You can use it for transportation to optimize public transportation. And if I recall correctly, Lake Tahoe had an optimization of, I think, roughly 20% better utilization of public transportation (after the study), which is massive. Those are the insights you can use by understanding things which you normally just have to assume. Our data is more accurate and because it is more accurate you can make better decisions and therefore improve the service.
CA: But can AirSage go deeper, to give us more understanding about human behavior and how we interact with infrastructure?
Mark: If you look at movement and then try to understand what is happening in terms of mobility, and actual behavior, then you go deeper down from the data perspective. Which is understanding to what so-called points of interest someone is moving.
Which geofences are those people going to and what are those geofences? Are those restaurants? Are those concert venues? Are those parking lots?
So, you can, in that sense, define any kind of polygon or any kind of point of interest, which you want to observe. And therefore, you can say that 10% of people attending this game, afterwards, pass by, or go or stay at this restaurant. So, you can make that kind of analysis. You can drive that insight from the data.
With the pandemic, human behavior in terms of shopping has changed dramatically, and our data illustrates how people are going (or not going) to malls, shopping centers, tourist attractions and other venues vs before COVID-19. These insights are valuable to a whole range of different industries in terms of driving investor decisions.
CA: Can you give me the blue-sky future for this smart city technology?
Mark: In a certain way data is becoming the new infrastructure, especially data about human movement and ultimately, indirectly, human behavior.
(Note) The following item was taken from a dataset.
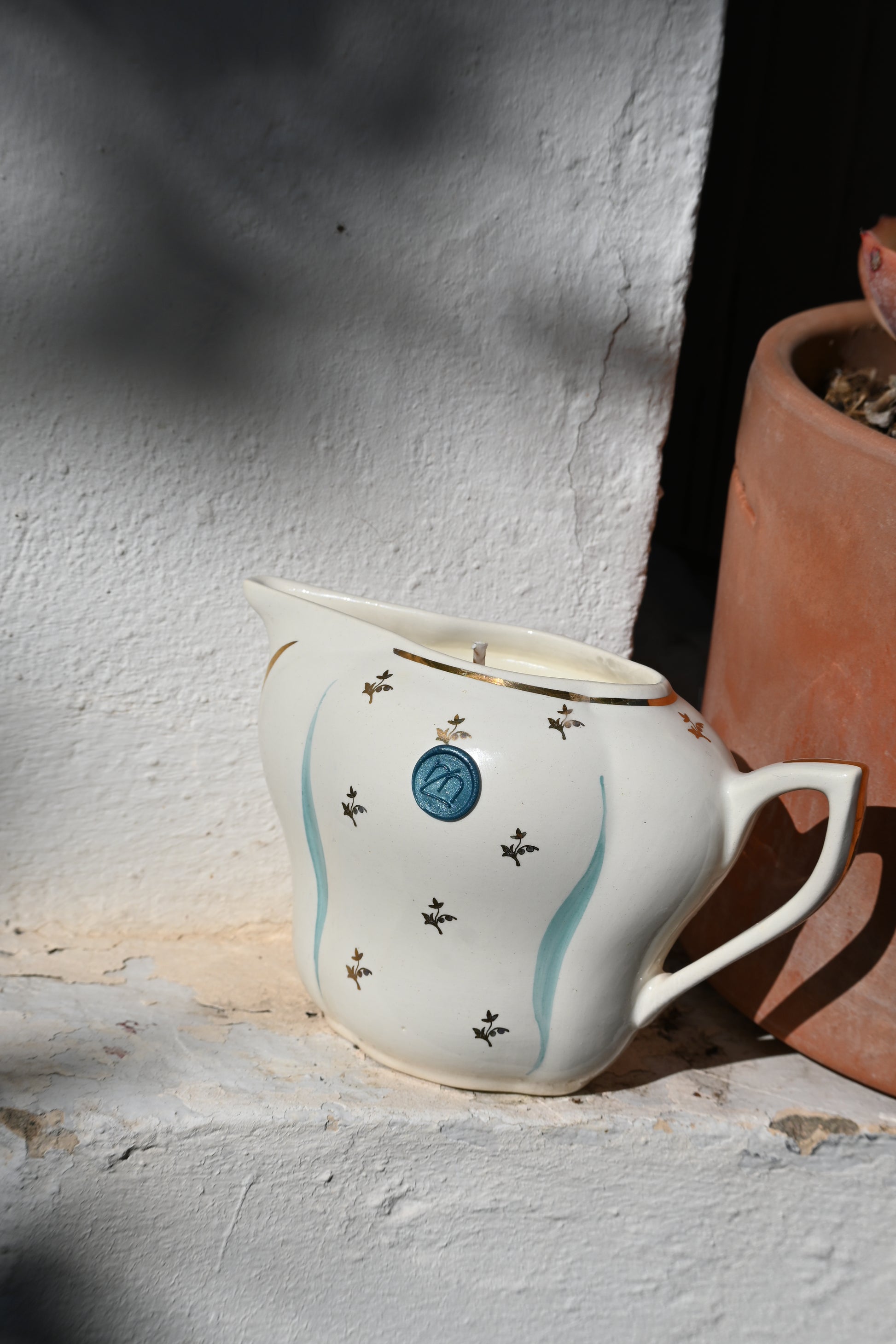 Bougie coulée dans un pot à lait bleu et doré. Une fois votre bougie terminée il se transformera en joli petit vase.

We’re focusing on the movement parts. The reason for that is we all know from the large cities, that they’re congested, they’re inefficient. They are not built for the scale and the size we have nowadays or, in a lot of cases, the reliance on private automobiles.
For city planners and engineers to improve our cities, they need insightful data, and not assumptions. They need to understand how people are actually moving, what people are doing, and when are they doing it. We can provide that piece of the answer. In a certain way, location or movement insights are a basic infrastructure upon which you can build and improve, because at the end of the day, a city should serve the population.